Photos courtesy of Sheldon Smith |
Mike Olson was driving home from work and stopped at the local AM/PM next to the closed Ormsby House casino to grab a soda. He noticed a couple of grown men playing in a sand pile behind the store. Olson got out of his car and walked over to the pile and asked what was going on…then he saw them, CHIPS…many, many CHIPS!
That prompted Olson to call his good and knowledgeable friend Doug Johnson, a veteran chip collector and member of the Casino Chip & Gaming Token Collectors Club (CC>CC). Johnson hopped in his truck and drove to the pile of sand and looked in among the diggers, some from as far away as Salt Lake City, and began digging himself. The chips were from a casino in Carson City named Travelodge Hotel, which was in business only a year before shutting its doors in 1979. Doug thought, how could these chips be here?
The Nevada Gaming Commission regulations regarding closed or changed-hands casinos are very clear—the chips are to be destroyed. Well, apparently back in the early ’80s when these chips were to be destroyed, the concept was a little looser. They were buried!
The story gets even more interesting. Chip-collector records indicate that there were only $5 chips known from the Travelodge, and, yet, in the dig were $5, $25, and $100 chips.

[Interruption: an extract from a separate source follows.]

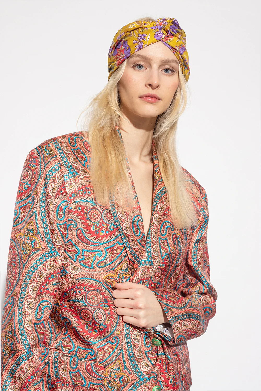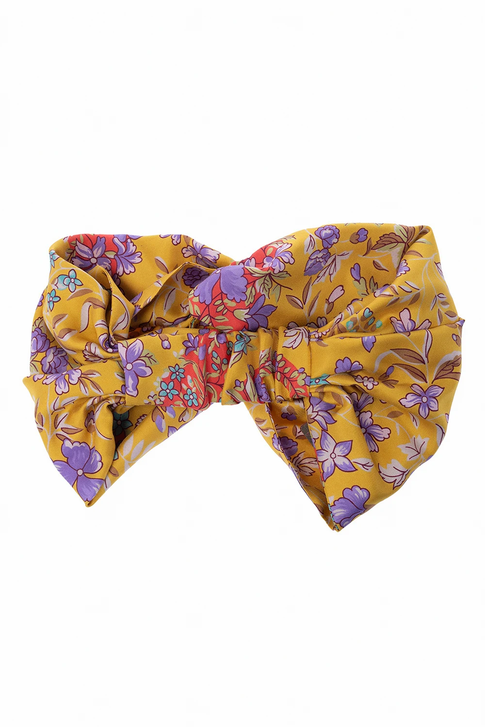 Żółta opaska na głowę Etro. Wykonana z jedwabnej satyny. Ozdobiona kolorowym wzorem z motywem kwiatowym. Z przodu dekoracyjny węzeł. Z tyłu wszyta elastyczna guma.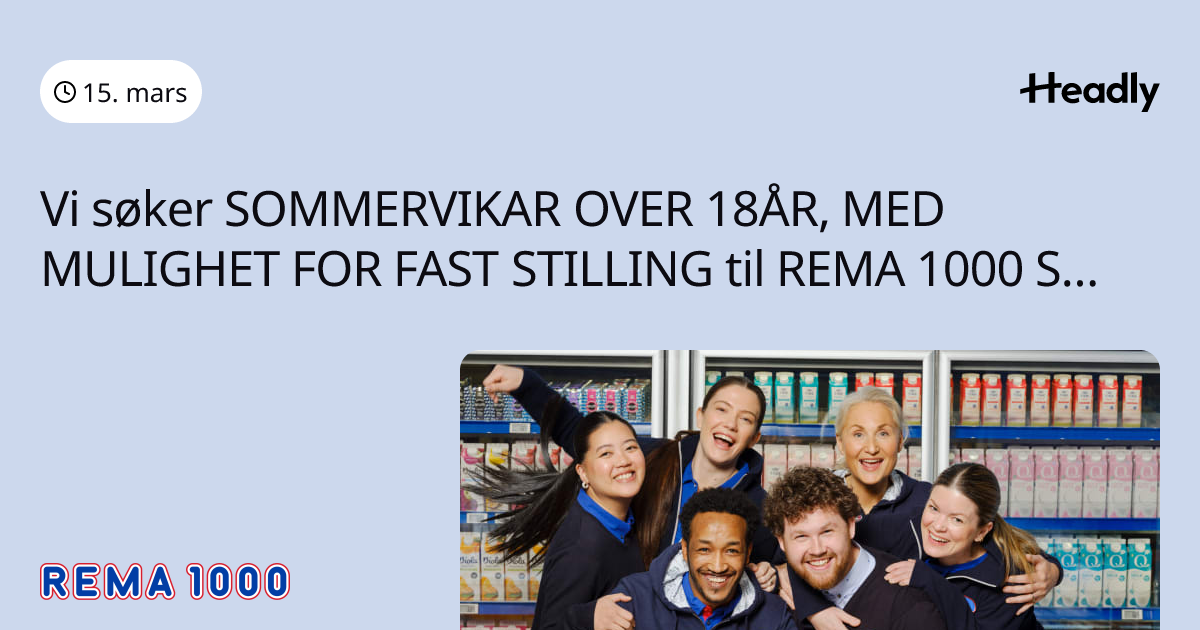 Vi søker SOMMERVIKAR OVER 18ÅR, MED MULIGHET FOR FAST STILLING til REMA 1000 STATHELLE!

The sand pile was on private property, and, lo and behold, Al Fiegehen, who owns the AM/PM lot, talked to Johnson and said he didn’t want anything to do with the chips—but that he would permit the dig. Fiegehen, the principal owner of the Cubix Corporation in Carson City, is also the owner of a gaming license for the Ormsby Hotel, planned to reopen some time in the future.
Records indicate the Travelodge was only open for about a year. According to Roger Baugh, a longtime Carson resident, it became the Mother Lode after that. Baugh claims Senator Paul Laxalt owned the Travelodge and Mother Lode at one time.

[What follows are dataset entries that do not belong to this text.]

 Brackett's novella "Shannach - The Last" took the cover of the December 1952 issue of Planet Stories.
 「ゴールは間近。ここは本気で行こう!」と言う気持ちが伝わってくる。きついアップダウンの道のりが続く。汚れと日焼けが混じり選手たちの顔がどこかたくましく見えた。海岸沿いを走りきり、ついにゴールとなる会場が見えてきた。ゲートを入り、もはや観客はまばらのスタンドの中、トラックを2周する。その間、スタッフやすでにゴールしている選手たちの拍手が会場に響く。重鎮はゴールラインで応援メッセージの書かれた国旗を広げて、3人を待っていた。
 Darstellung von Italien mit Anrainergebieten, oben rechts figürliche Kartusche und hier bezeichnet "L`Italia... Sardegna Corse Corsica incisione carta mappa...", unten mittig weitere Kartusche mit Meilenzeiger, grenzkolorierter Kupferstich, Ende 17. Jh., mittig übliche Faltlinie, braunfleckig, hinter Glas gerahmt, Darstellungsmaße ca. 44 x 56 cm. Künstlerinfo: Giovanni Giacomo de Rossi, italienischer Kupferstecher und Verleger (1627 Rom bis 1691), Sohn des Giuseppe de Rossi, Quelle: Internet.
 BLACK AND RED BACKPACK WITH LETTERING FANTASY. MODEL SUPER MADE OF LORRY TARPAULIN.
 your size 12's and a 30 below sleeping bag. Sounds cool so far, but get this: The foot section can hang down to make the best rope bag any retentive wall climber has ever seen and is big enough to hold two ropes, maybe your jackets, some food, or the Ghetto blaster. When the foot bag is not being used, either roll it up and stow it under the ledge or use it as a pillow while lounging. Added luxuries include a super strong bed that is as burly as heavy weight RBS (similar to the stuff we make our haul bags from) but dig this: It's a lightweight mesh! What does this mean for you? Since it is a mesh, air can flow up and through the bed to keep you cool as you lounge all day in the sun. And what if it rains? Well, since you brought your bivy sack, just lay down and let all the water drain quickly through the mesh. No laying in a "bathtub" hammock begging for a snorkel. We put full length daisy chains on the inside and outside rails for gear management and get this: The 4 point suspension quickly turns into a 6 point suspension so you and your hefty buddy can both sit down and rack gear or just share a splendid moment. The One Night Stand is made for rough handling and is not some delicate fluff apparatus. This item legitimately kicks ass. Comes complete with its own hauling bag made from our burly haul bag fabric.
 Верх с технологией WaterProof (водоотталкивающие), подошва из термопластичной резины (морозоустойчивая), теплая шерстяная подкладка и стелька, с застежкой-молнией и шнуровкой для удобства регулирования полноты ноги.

But back to the chips! They are currently on eBay without any indication of the vast quantities that have been uncovered. Wanting to get the word out on the find, Johnson created his own eBay listing: “Huge hoard of chips found this week! Possibly 20,000 chips found! First picture shows what a little cleaning can do.”
Note: Nevada Magazine claims no factual responsibility for the information presented in this blog.